The three treemap were created to show the top ten games for the PlayStation 4, Xbox One, and the WiiU. The size the box for each game title represents the global sales ranking for the top ten games. The colors of the tree graph represent the North American sales. The PlayStation 4 and Xbox One treemaps contain some of the same games because certain games are cross platform. Call of Duty: Black Ops 3 was the number one game for both global sales and North America sales for both platforms. The game in second place for global and North America sales for PlayStation 4 and Xbox One were Grand Theft Auto V and Call of Duty Advanced Warfare respectively. The difference in the number two game gave some insight the purchasing habit of each respective platform owners. Grand Theft Auto V and Call of Duty Advanced Warfare are both cross platform games, and I would have expected them have same ranks on both platforms. The WiiU treemap shows that Mario games are the most popular games. After analyzing the top games on each platform, I wanted to analyze the top publishers in the dataset.
The heatmap displays the top ten publishers in the dataset by global sales on the right side of the graph, and the observed regions on the bottom of the graph. The color gradient of the heatmap refers to the total global sales by publishers in each region. Nintendo is the top publisher in Japan, North America, and Europe.
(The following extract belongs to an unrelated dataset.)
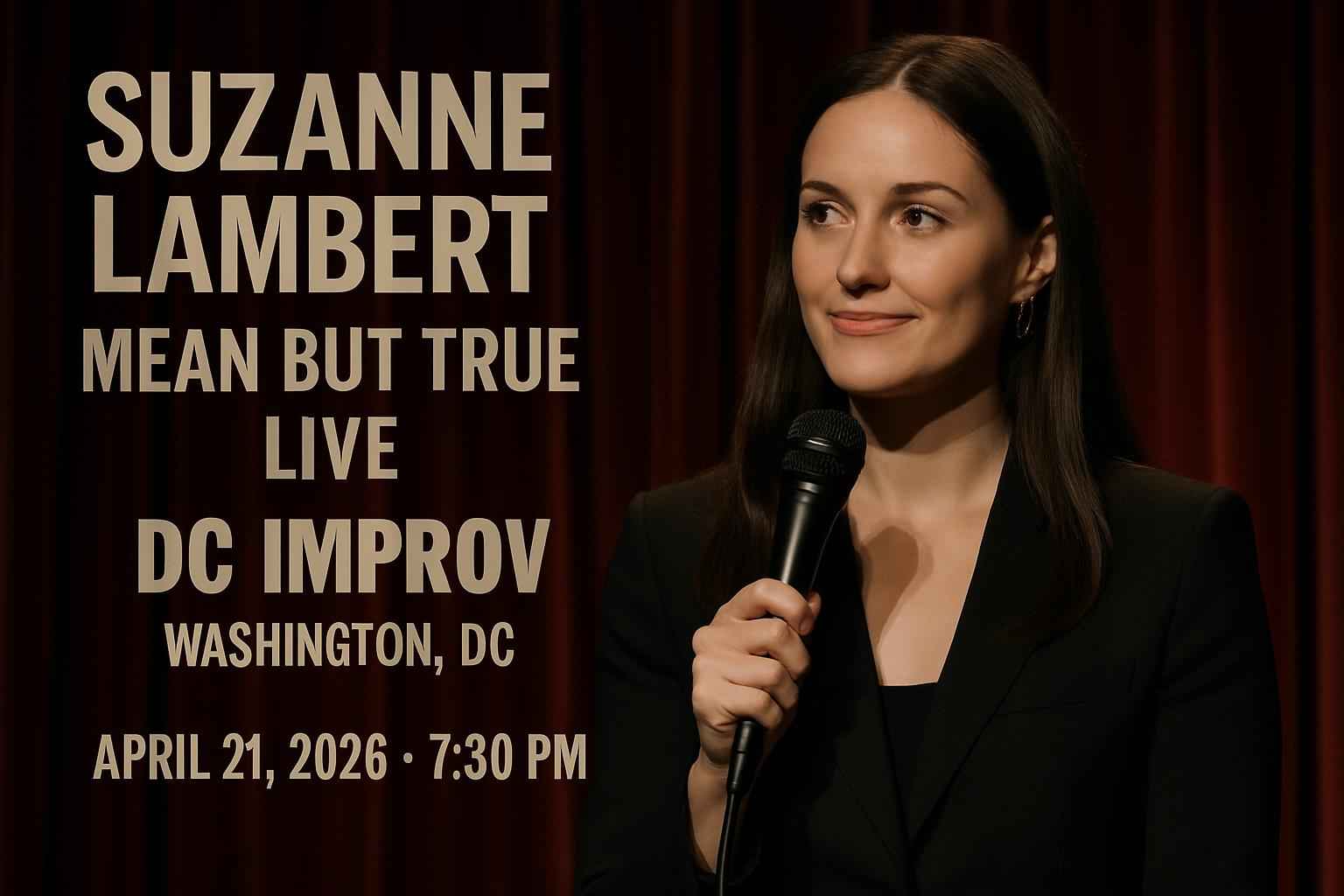Suzanne Lambert Mean But True Live takes place at DC Improv on April 21 2026 at 0730 PM. This acclaimed comedy event features Suzanne Lambert delivering sharp insightful humor in a renowned local venue. The DC Improv offers a vibrant atmosphere and convenient downtown location making it a top choice for comedy fans searching for unforgettable live entertainment in Washington DC.

In other regions Electronic Arts has higher sales than Nintendo. It interesting to observe that non-Japanese publishers seem to have low sales in Japan signifying that they may have trouble capturing the Japanese market. I constructed a bar chart to learn more about the identified publishers. The charts display the number of games each publisher released by the type of genre. The charts show that certain publisher have preference on the genres of games they published. I I decided to focus on the game genres and visualize the popularity of games by their genres.
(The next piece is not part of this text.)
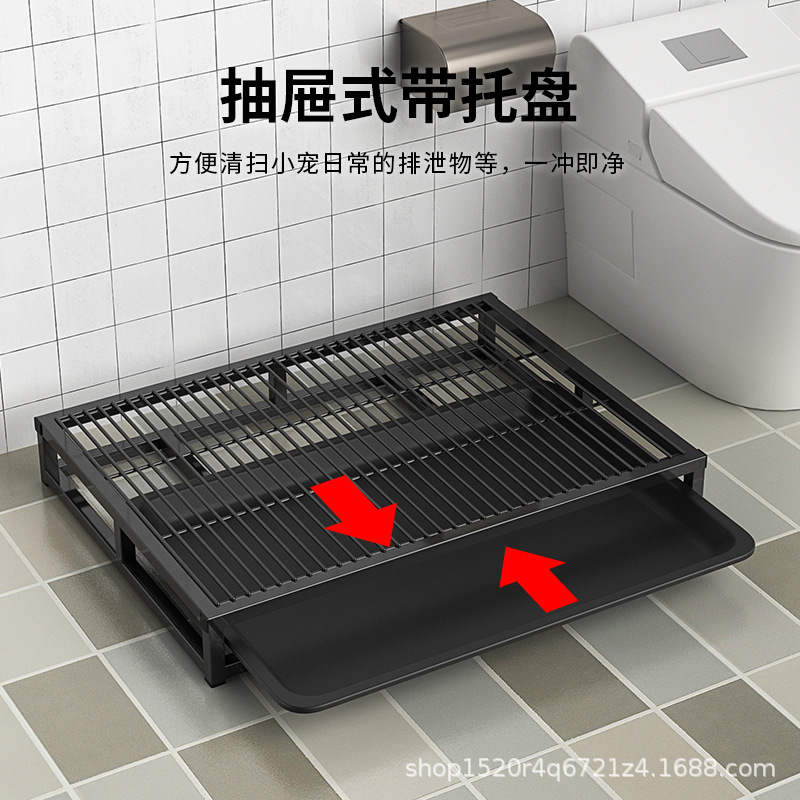 格子状の表面と引き出し式の受け皿で構成された二層構造により、排泄物の処理が簡単に行えます。

I constructed an interactive streamgraph to show the global sales of games for each genre throughout the years covered in the dataset. In the year 2000, the sales sport and action games started to increase dramatically. Also, around 2010, shooter games started to experience an increase in sales. The rise of popularity in these three genres can be seen in the game highlighted in top ten games treemaps for the PlayStation 4 and Xbox One. The genres of the games in the PlayStation treemap are four shooter games, two action games, two sport games, and one roleplaying game. The genres of the games in the Xbox One treemap are six shooter games, two action games, one sport game, and one roleplaying game. The WiiU is the exception with one shooter game, one fighting game, one action game, two miscellaneous games, four platform games, and one racing game. I initially wanted to create an alluvial to display this information. The alluvial seemed disjointed and looked like splattered paint because a game for each genre was not released every year. I decided to go with the streamgraph because it was more aesthetically pleasing.